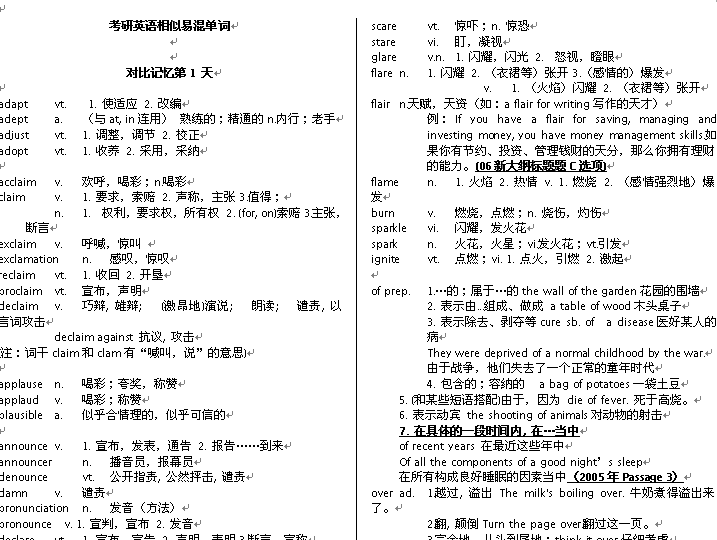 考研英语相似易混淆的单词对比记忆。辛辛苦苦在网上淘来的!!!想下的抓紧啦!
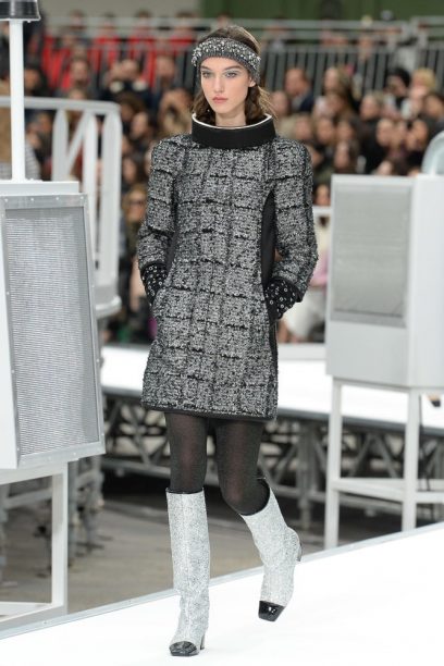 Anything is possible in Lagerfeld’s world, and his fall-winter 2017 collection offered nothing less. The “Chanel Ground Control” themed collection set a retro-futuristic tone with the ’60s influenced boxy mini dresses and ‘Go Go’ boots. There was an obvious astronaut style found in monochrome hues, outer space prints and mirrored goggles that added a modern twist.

**********

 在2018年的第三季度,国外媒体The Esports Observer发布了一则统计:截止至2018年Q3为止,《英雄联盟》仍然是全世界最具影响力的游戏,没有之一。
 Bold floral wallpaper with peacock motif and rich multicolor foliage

**********

Starting from the line with "考研英语相似易混淆的单词对比记忆。辛辛苦苦在网上淘来的!!!想下的抓紧啦!" in the records above, repeat each line exactly until you have written the line with "Anything is possible", then stop; drop the pictures.

 考研英语相似易混淆的单词对比记忆。辛辛苦苦在网上淘来的!!!想下的抓紧啦!
 Anything is possible in Lagerfeld’s world, and his fall-winter 2017 collection offered nothing less. The “Chanel Ground Control” themed collection set a retro-futuristic tone with the ’60s influenced boxy mini dresses and ‘Go Go’ boots. There was an obvious astronaut style found in monochrome hues, outer space prints and mirrored goggles that added a modern twist.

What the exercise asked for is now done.